Chennai: holding ground
So, has there been a correction in the market? No, say builders. With prices holding for close to a couple of years now, where is the option to slash prices, they ask. Even with built-up, unsold stocks on hand, builders are not cutting prices; at best, they are offering flexible payment options.
Inventory estimates in Chennai and its suburbs range from 45,000 to 60,000 units. Typically, for a down payment of 10-20 per cent of the house cost, builders take on pre-EMI payments so that the buyer does not shell out money from his pocket before taking delivery.
Land prices have been high, and the cost of construction is going up, with increasing labour costs and other inputs, even though steel and cement have been relatively stable during this period, say builders.
Ajit Kumar Chordia of Khivraj Group, a leading residential and commercial space developer in Chennai, says inventory levels in the city have started to come down to about eight quarters’ sales. This has to drop to about 4-5 quarters’ stock before new launches get under way.
Chordia, who is also president of the Chennai chapter of Confederation of Real Estate Developers Association of India, says it is a buyer’s market for now. Yet, developers do not have much room to slash prices. “Whatever can be done has been done,” he feels.
Guideline values are continuously increasing, and VAT and new elements of service tax are all adding to the cost, as does inflation at 4-5 per cent a year.
Ravi Appaswamy of Appaswamy Real Estates, a premium builder with projects in the heart of the city, says that only those developers with land purchased at high costs are feeling the pressure of a slow market. Projects in a good location, with viable pricing, are in demand.
Appaswamy Real Estates does not have large unsold inventories, he claimed; “may be about 2-3 per cent of completed houses.”
Housing stocks in the city had increased because developers had been optimistic about projected growth, he felt.
Another Chennai-based developer with projects in the southern suburbs on the Old Mahabalipuram Road said apartments in Siruseri and Navalur, which had sold at ₹4,100/sft a couple of years ago are now being sold at about ₹3,800/sft. And these are apartments that are to be handed over in a couple of months. Under normal market conditions completed apartments should fetch a premium over apartments booked at launch. So the price correction is not just ₹300, but more than twice that.
Srinivas Acharya, Managing Director, Sundaram BNP Paribas Home Finance, says private equity funding has helped buyers to hold on to stocks.

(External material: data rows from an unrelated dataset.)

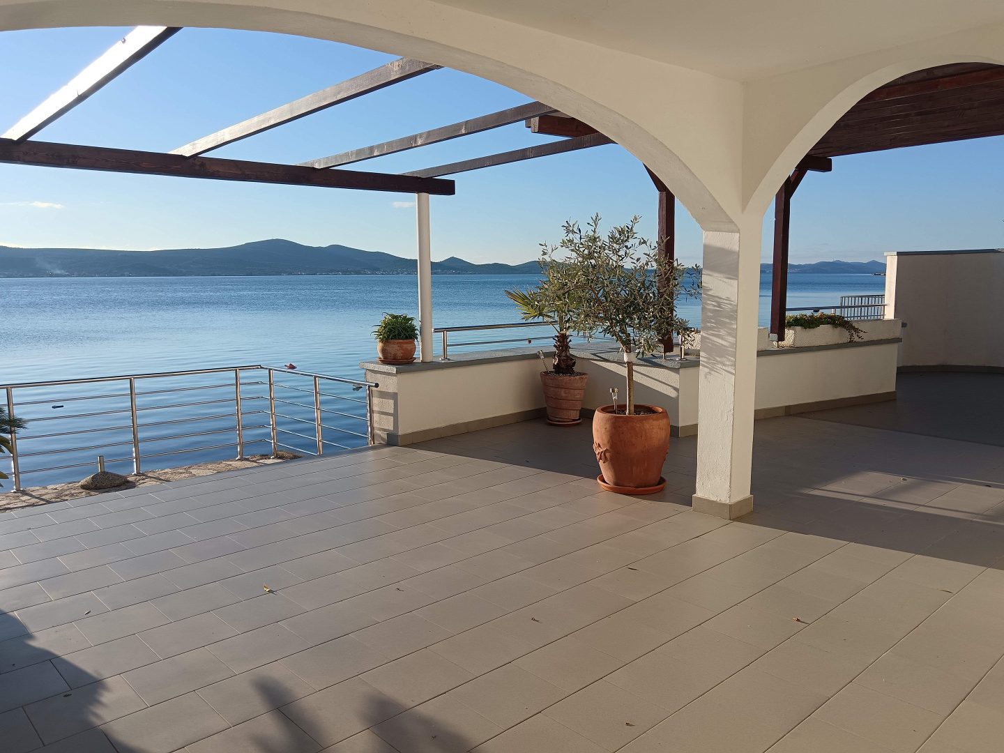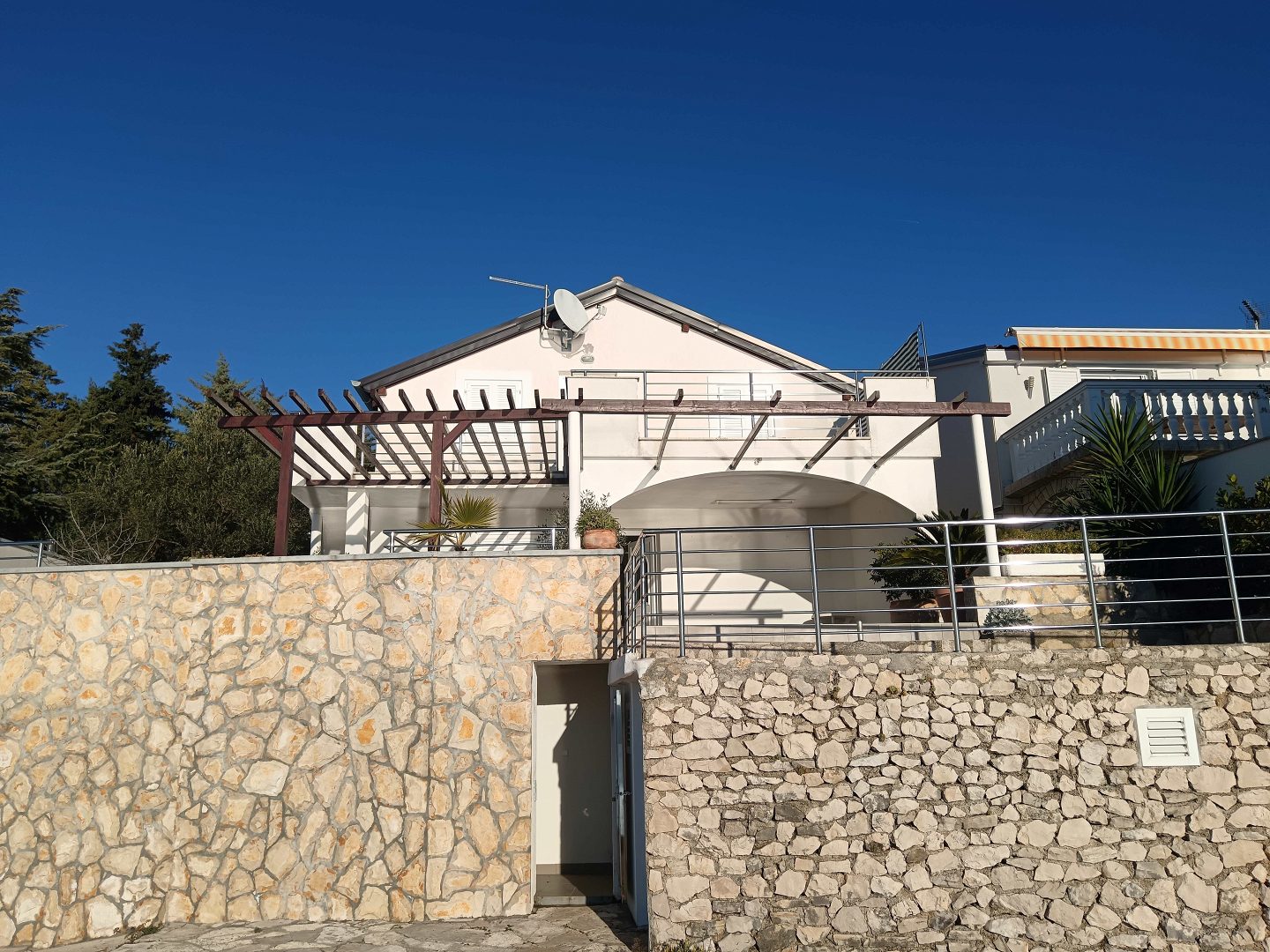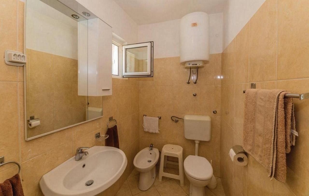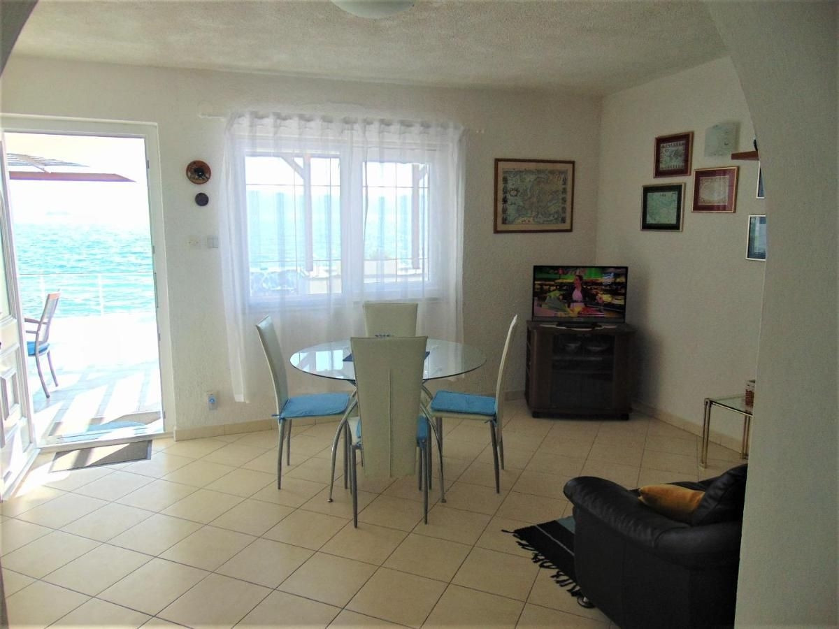 Dům se skládá ze suterénu, přízemí a prvního patra. V přízemí se nachází moderní apartmán se dvěma ložnicemi, kuchyní, obývacím pokojem, koupelnou a prostornou terasou s nádherným výhledem na moře. V prvním patře je další dvoupokojový byt s terasou, na kterou se lze dostat po venkovním schodišti. Dále je v přízemí krytá letní kuchyně s grilem a jídelním koutem. Suterén je využíván jako sklad, přičemž vedle je garáž, kterou lze využít jako další sklad.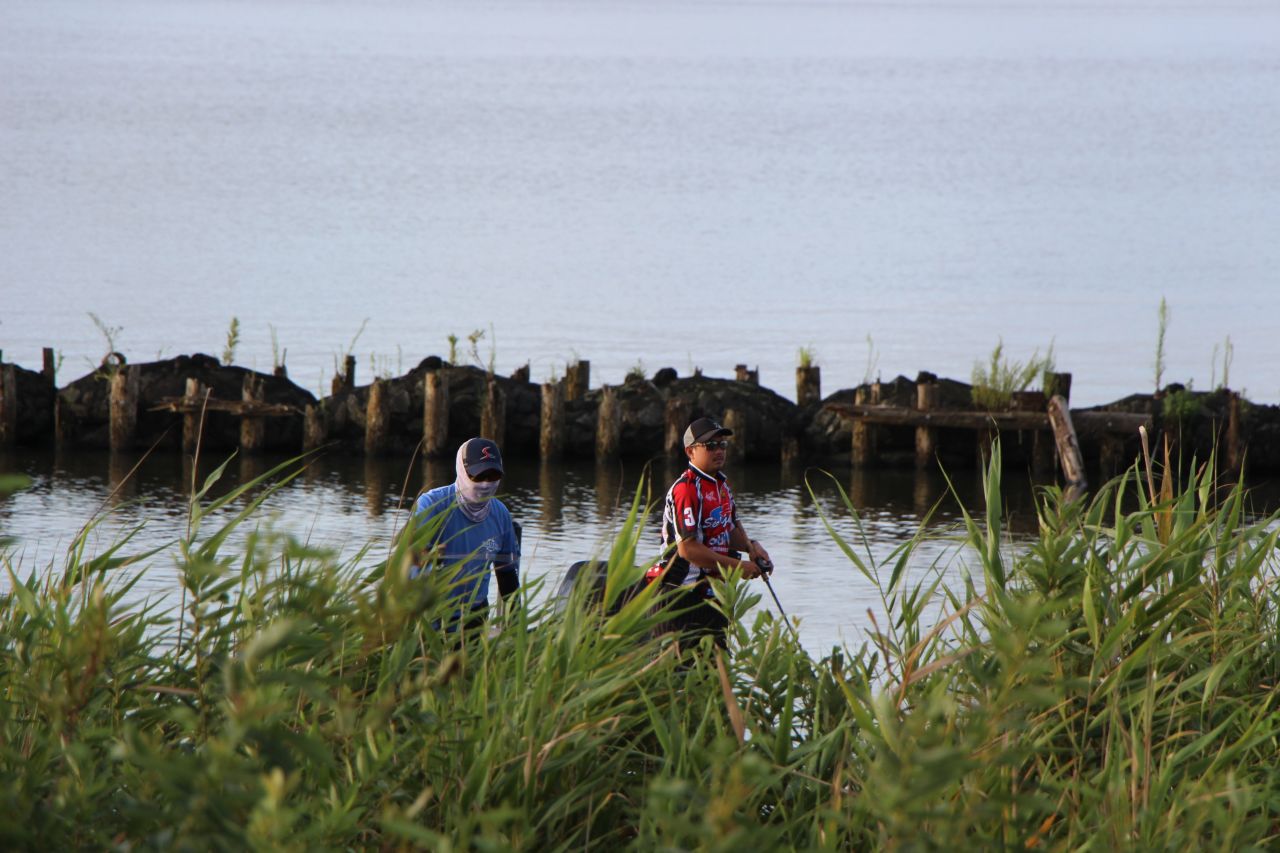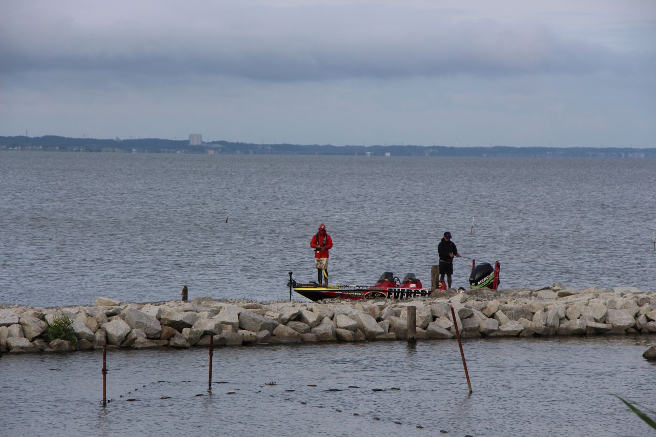 だが二日目は立て直し、風が吹いたらシャローのハードボトム、風がなければ浚渫と決め、二人とキャロライナリグメインで、攻めとおした。
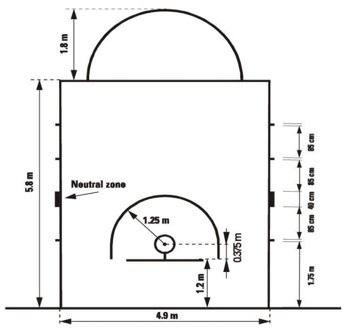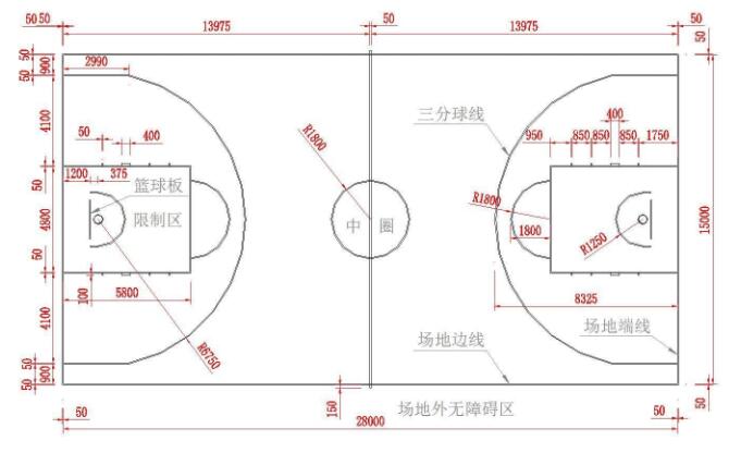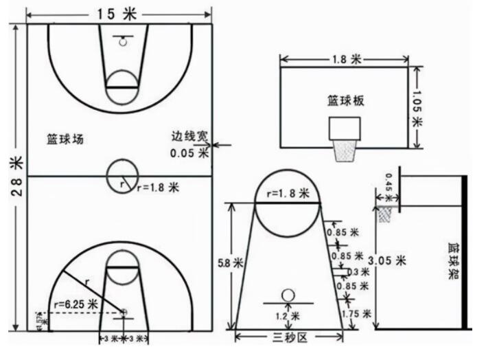 籃球比賽的場地是一個長方形的堅實地面,它的中間不能有任何障礙物,籃球場的長為28米,寬為15米。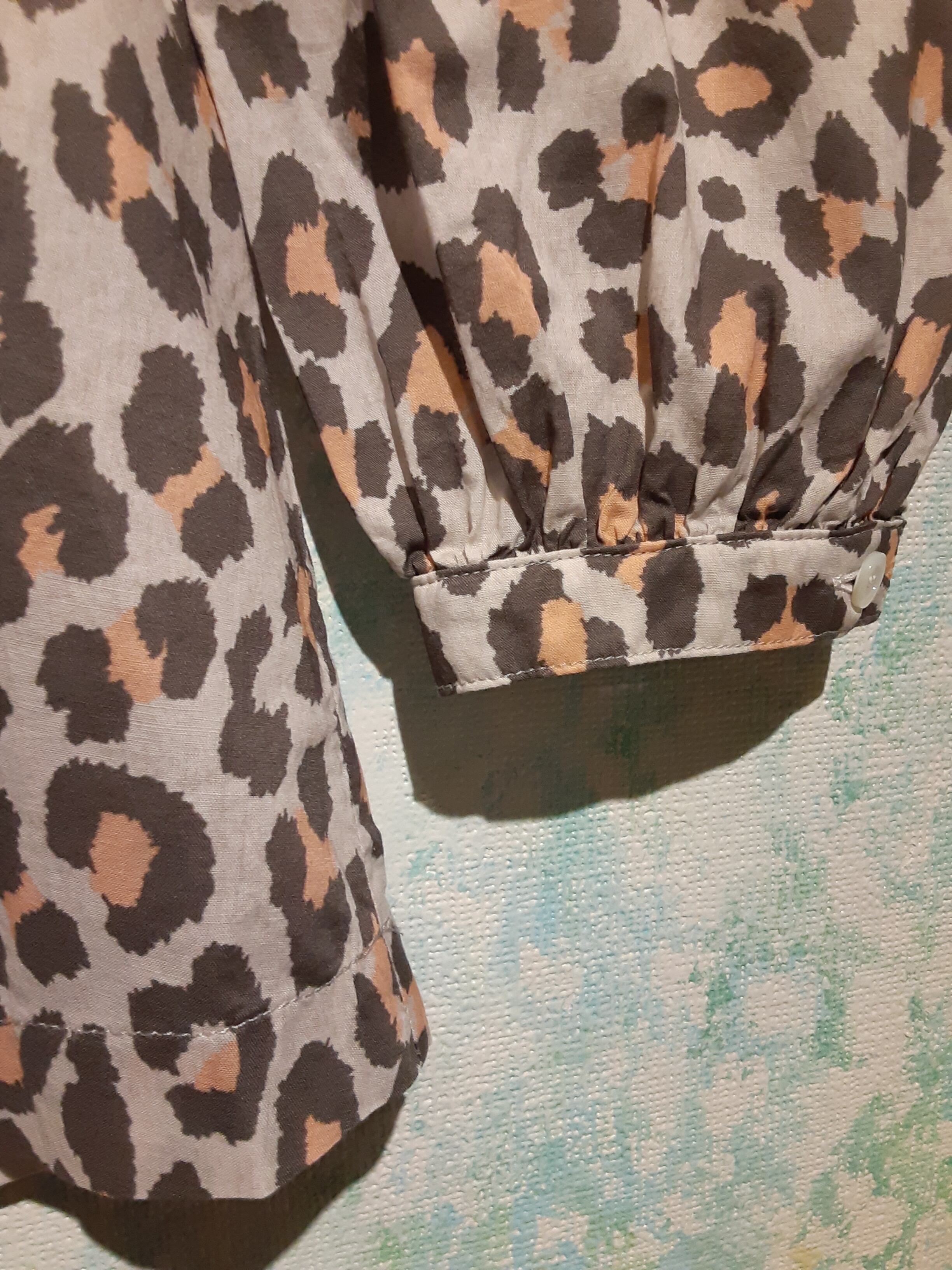 ふんわりとしたコットン やさしい色合いのヒョウ柄ブラウスは 肩 背中 袖にたっぷりの ギャザーが 入って 着心地抜群✨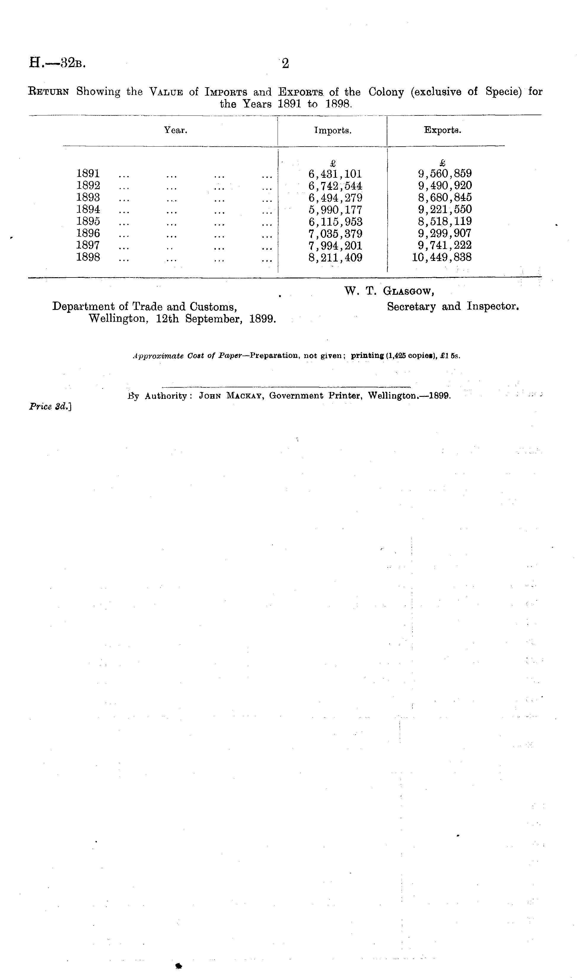 W. T. Glasgow, Department of Trade and Customs, Secretary and Inspector. Wellington, 12th September, 1899. Approximate Cost of Paper— Preparation, not given; printing (1,426 copies), £ 1 Ss.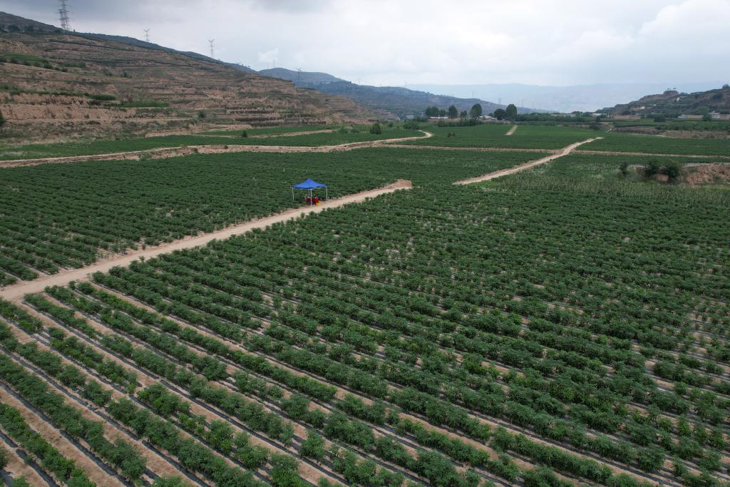 這是在天水市甘谷縣新興鎮(zhèn)侯家溝村拍攝的辣椒生產(chǎn)基地(無(wú)人機(jī)照片)。新華社記者 范培珅 攝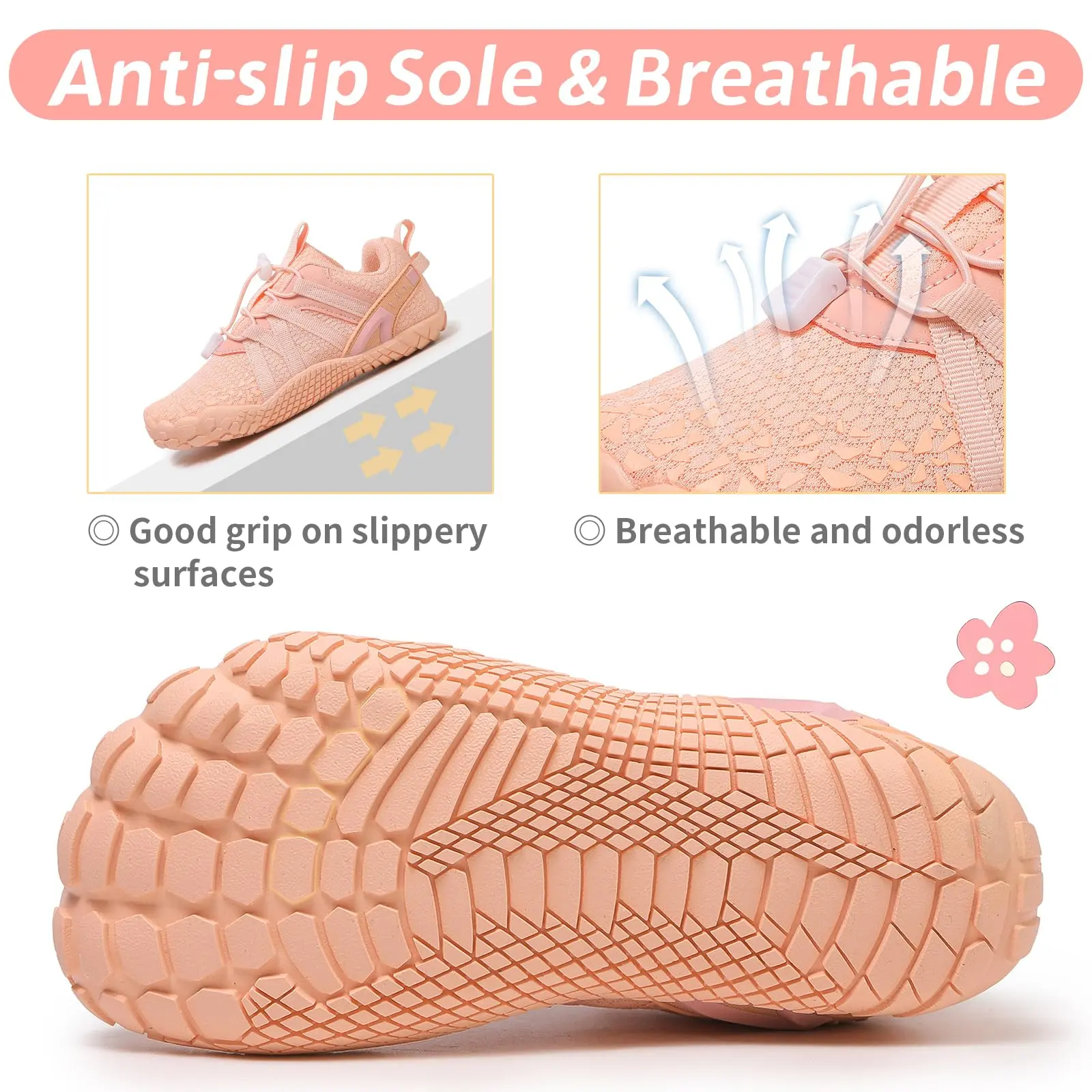 • Versatile Use: These shoes can be used as casual running shoes, barefoot water shoes, or barefoot sports shoes. They are non-slip, ensuring safety during various activities like wading.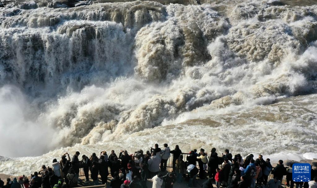 1月29日,游客在山西吉县观看黄河壶口瀑布(无人机照片)。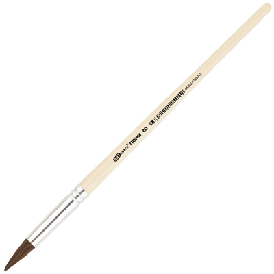 Художественные кисти ArtSpace изготовлены из волоса пони. Он несколько толще, чем у белки, расстояние между волосками больше, поэтому воду такая кисточка набирает меньше, чем из белки или колонка. Приобретают форму конуса, не слишком упруги. Кисть круглой формы с короткой ручкой из дерева идеальна для начинающих художников, поэтому её часто используют в детских образовательных учреждениях.

Also, such funds demand a high rate of return, so there is some resistance to lowering prices. The high price that builders have paid for land limits their options.
According to international property consultants Jones Lang LaSalle, the capital value ranges around ₹12,000-15,000 a sq ft in T Nagar and Nungambakkam in the heart of the city; around ₹6,500-9,000 in Guindy, in the periphery; and ₹4,500-6,000 in Sholinganallur, further to the south.